Disclosure of Invention

The invention aims to provide a multi-level perception characteristic gradual self-learning method facing landslide disasters based on a high-resolution remote sensing image, aiming at a region with multiple landslide disasters which is difficult to monitor on site. The method can realize the perception level progression from human brain understanding to machine realization of the monitored remote sensing image to be analyzed, overcome the defect of single understanding of the complex scene image in the existing method, and increase the correlation capability among the characteristics, thereby obtaining an accurate landslide detection result.

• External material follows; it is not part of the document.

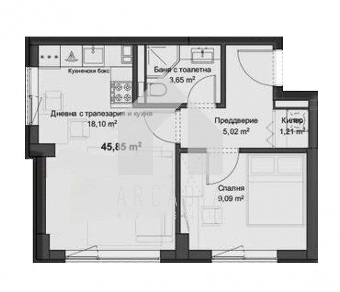Стаите са функционално разпределени по следния начин - слънчева дневна с кухненски бокс, спалня, входно антре, баня с тоалетна,килер.
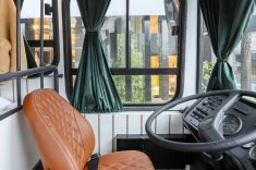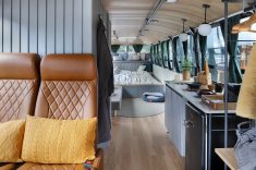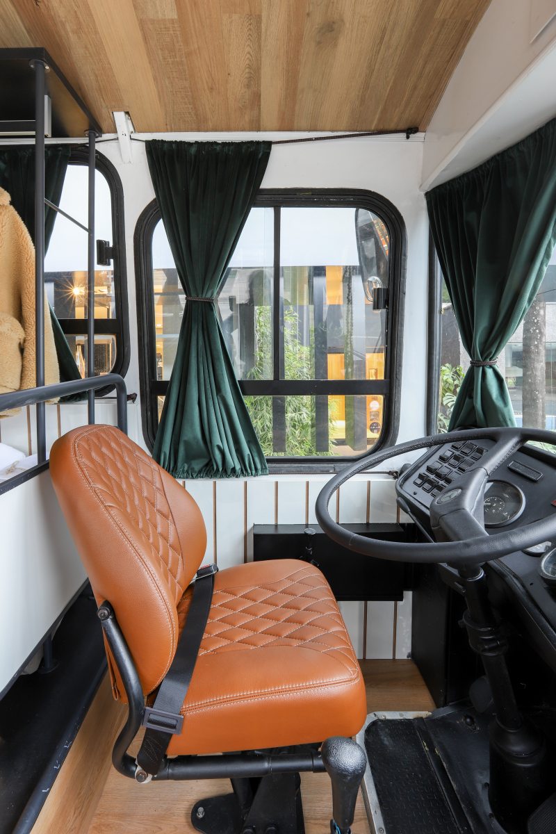 Para restaurar todos os itens possíveis, o volante foi refeito com couro natural e costura especial. As poltronas também passaram por restaurações e ganharam novos estofados. "Essas poltronas trazem a memória do uso: quando eram de um ônibus, serviam para sentar e deslumbrar a vista. Agora, continuam com a mesma ideia, só que com a mudança de outro chão, estimulando as pessoas a se desconectarem quando estão dentro do ônibus", explica a arquiteta Patrícia.

In order to achieve the purpose, the multilayer perception feature progressive self-learning method facing to landslide disasters based on the high-resolution remote sensing image comprises the following steps:

step 1, dividing three feature levels based on perceptual depth dependent image data and knowledge association by utilizing a high-resolution image of a landslide region: the method comprises the following steps that a visual perception layer, an instrument perception layer and an algorithm perception layer are used for obtaining three layers of perception feature sets which are used for supporting feature normalization mapping of perception level progression; the method comprises the steps of obtaining a visual perception layer, a data characteristic perception layer and an algorithm perception layer, wherein the color perception of human eyes to images is used as the layered representation of the visual perception layer, the data characteristic perception recorded by a remote sensing instrument is used as the layered standard of the instrument perception layer, and the depth expression characteristics of landslide targets are learned on the basis of processing results of the visual perception layer and the instrument perception layer in the algorithm perception layer.

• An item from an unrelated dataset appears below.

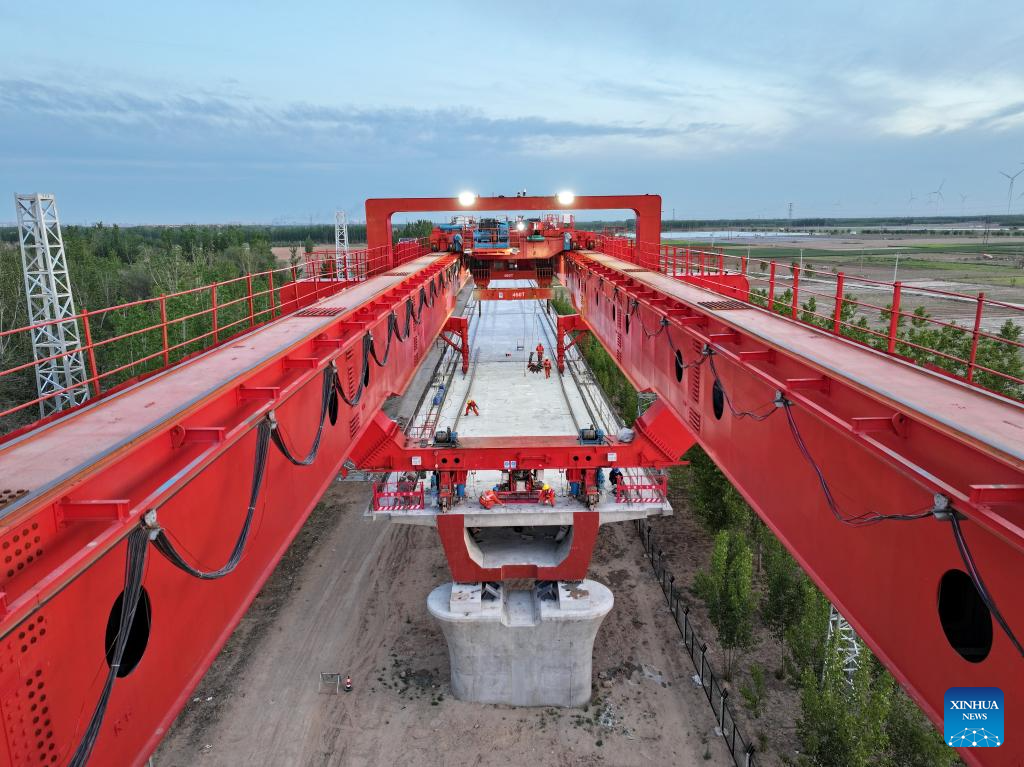 An aerial drone photo taken on April 27, 2025 shows workers erecting a box girder at the construction site of a mega bridge in the Hebei section of the Xiong'an-Shangqiu high-speed railway in north China's Hebei Province. Girder erection work in the Hebei section of Xiong'an-Shangqiu high-speed railway was fully completed on Sunday as the last box girder was erected on a mega bridge. The 552-kilometer-long railway will connect Xiong'an in north China's Hebei Province and Shangqiu in central China's Henan Province with a designed speed of 350 kilometers per hour. (Xinhua/Mu Yu)

Step 2, establishing a scale normalization mapping model for feature progressive enhancement based on the three-layer perception feature set, mapping each level perception feature element with spatial scale and dimension as carriers, and generating a multi-level feature map with highly organized semantic information;

step 3, taking the multilayer characteristic diagram as input, constructing a progressive self-learning regional network which is restrained by the comprehensive multilayer characteristic diagram, and generating a landslide target-oriented detection network through end-to-end training;

and 4, inputting target high-resolution image data to be analyzed to a detection network, performing targeted detection on the landslide target from the angle of gradually enhancing image characteristics, and finally outputting landslide target image representation.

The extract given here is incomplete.